__Problem__. Write down the lines exactly as they appear, from the one that contains "für die Ultraschall-Durchflusstechnik" through the final line of the records, so that both ends are kept and no pictures come along.
==== Data
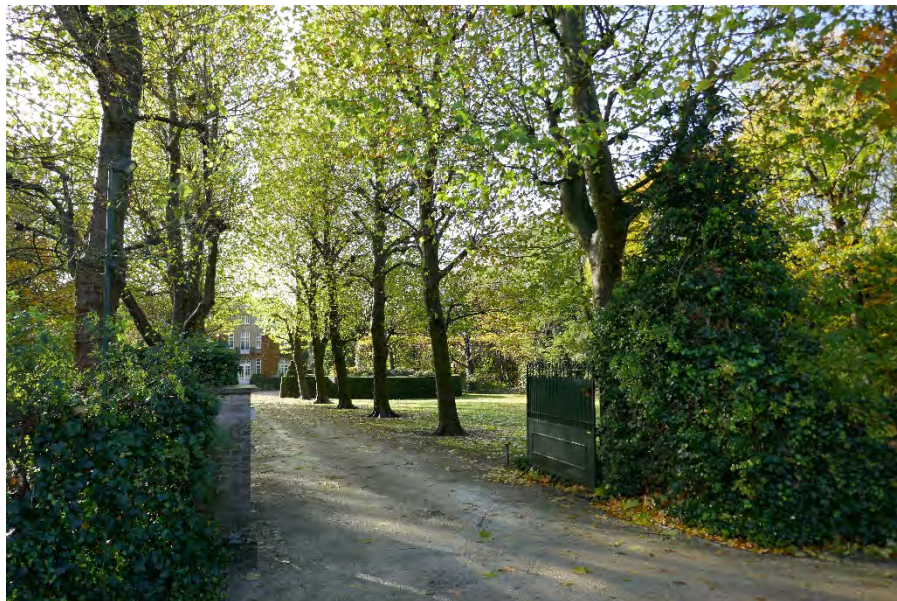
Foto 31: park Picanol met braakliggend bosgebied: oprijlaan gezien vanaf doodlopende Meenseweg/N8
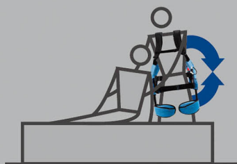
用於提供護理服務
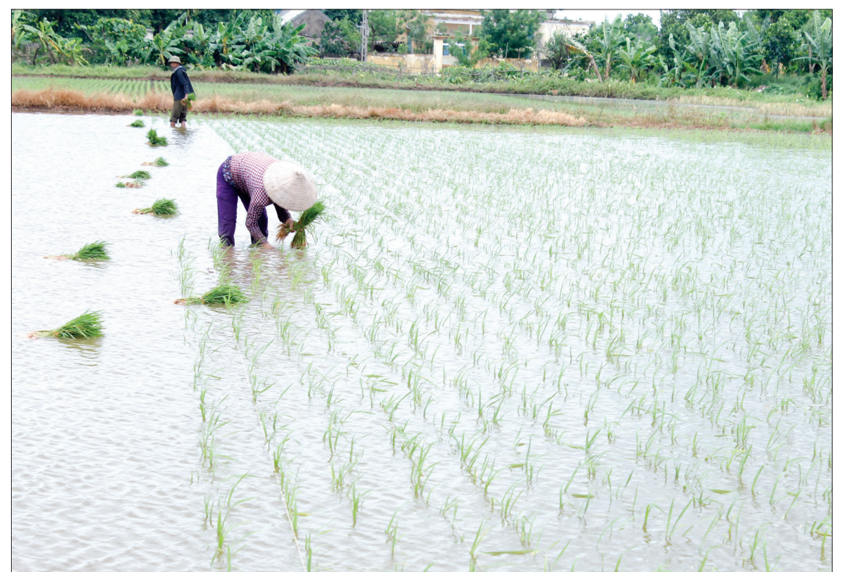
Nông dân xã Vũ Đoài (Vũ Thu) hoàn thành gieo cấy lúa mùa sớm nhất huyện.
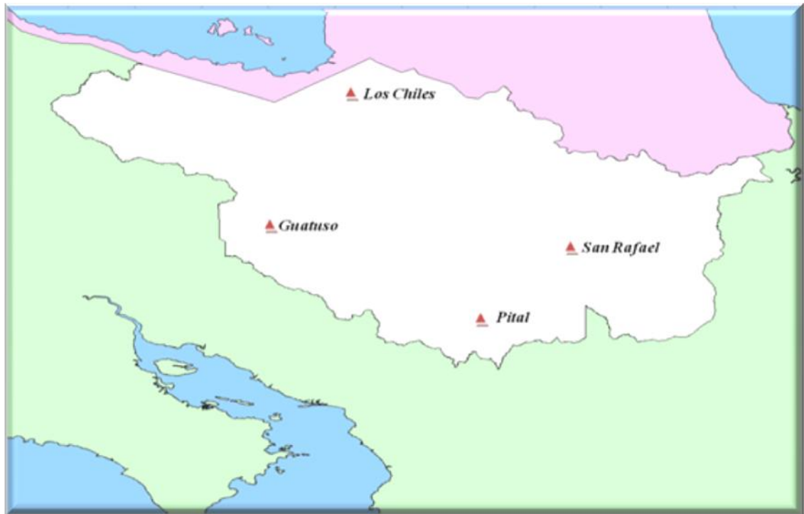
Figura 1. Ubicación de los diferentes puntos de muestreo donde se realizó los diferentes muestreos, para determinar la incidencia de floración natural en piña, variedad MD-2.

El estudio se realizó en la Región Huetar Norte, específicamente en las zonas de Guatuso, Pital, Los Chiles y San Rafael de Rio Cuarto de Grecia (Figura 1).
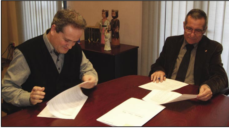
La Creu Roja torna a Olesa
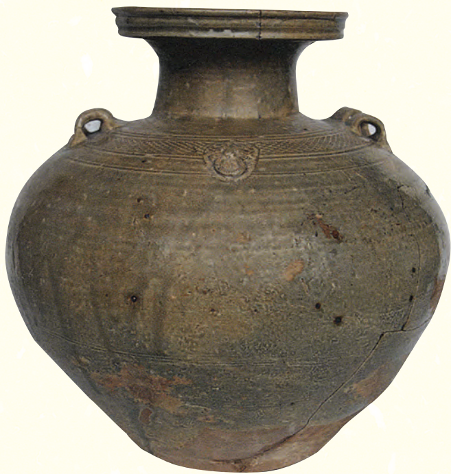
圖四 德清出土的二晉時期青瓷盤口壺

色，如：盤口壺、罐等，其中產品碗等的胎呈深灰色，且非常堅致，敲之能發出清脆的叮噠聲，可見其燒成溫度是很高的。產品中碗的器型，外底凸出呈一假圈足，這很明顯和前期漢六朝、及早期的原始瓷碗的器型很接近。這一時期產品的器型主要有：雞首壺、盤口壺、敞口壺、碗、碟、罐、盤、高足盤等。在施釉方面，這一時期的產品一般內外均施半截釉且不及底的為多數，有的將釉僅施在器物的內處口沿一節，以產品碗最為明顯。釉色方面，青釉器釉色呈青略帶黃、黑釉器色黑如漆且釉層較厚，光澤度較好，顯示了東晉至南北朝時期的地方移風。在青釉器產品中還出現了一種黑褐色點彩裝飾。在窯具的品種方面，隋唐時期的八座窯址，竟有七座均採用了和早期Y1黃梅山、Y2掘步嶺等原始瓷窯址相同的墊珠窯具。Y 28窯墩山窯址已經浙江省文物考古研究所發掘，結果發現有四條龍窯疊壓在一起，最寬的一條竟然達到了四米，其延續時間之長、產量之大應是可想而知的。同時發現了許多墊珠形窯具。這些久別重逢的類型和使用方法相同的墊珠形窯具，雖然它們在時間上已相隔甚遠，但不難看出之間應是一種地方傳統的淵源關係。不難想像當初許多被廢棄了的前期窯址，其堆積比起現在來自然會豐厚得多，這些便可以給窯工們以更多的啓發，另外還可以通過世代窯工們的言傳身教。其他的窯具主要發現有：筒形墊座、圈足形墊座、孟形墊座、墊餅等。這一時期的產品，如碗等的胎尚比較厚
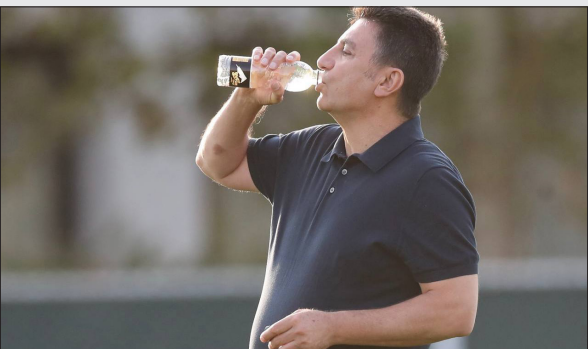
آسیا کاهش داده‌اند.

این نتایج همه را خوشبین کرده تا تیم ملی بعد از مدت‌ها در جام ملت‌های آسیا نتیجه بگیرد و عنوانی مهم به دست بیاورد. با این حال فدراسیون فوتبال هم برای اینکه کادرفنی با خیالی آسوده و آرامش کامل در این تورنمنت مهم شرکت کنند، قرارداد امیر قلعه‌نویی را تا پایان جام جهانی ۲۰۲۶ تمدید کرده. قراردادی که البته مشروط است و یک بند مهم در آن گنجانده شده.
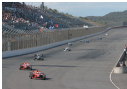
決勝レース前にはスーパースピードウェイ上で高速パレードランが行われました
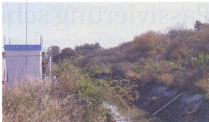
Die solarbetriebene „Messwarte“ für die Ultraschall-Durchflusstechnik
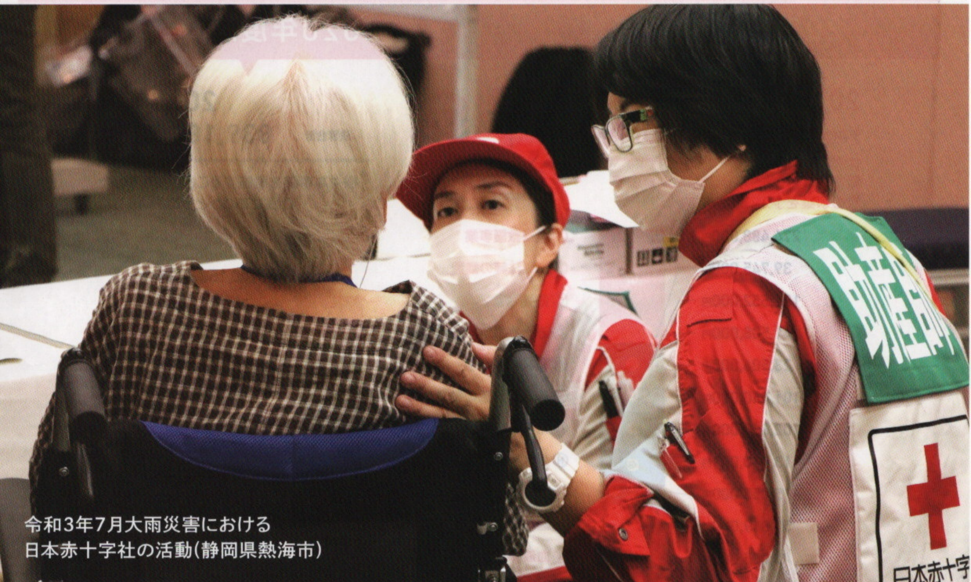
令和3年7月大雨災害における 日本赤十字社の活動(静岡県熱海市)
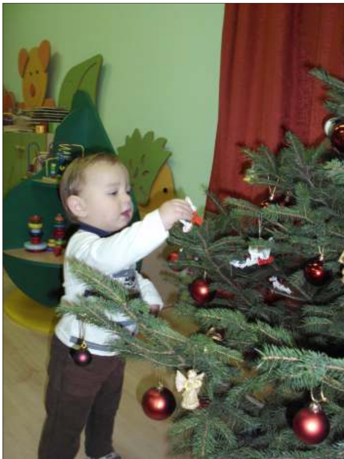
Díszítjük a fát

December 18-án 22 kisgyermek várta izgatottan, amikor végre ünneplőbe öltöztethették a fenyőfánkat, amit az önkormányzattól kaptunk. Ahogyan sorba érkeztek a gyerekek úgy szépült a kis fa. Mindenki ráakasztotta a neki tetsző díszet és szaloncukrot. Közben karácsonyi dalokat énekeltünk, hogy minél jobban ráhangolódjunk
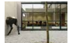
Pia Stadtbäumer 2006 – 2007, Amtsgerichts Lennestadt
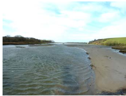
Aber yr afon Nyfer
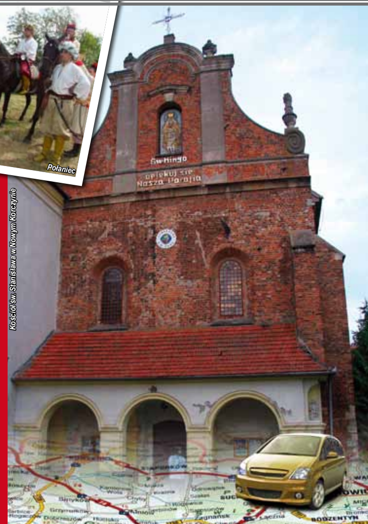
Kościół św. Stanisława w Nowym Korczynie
========
__Result for this task__.
Die solarbetriebene „Messwarte“ für die Ultraschall-Durchflusstechnik
令和3年7月大雨災害における 日本赤十字社の活動(静岡県熱海市)
Díszítjük a fát

December 18-án 22 kisgyermek várta izgatottan, amikor végre ünneplőbe öltöztethették a fenyőfánkat, amit az önkormányzattól kaptunk. Ahogyan sorba érkeztek a gyerekek úgy szépült a kis fa. Mindenki ráakasztotta a neki tetsző díszet és szaloncukrot. Közben karácsonyi dalokat énekeltünk, hogy minél jobban ráhangolódjunk
Pia Stadtbäumer 2006 – 2007, Amtsgerichts Lennestadt
Aber yr afon Nyfer
Kościół św. Stanisława w Nowym Korczynie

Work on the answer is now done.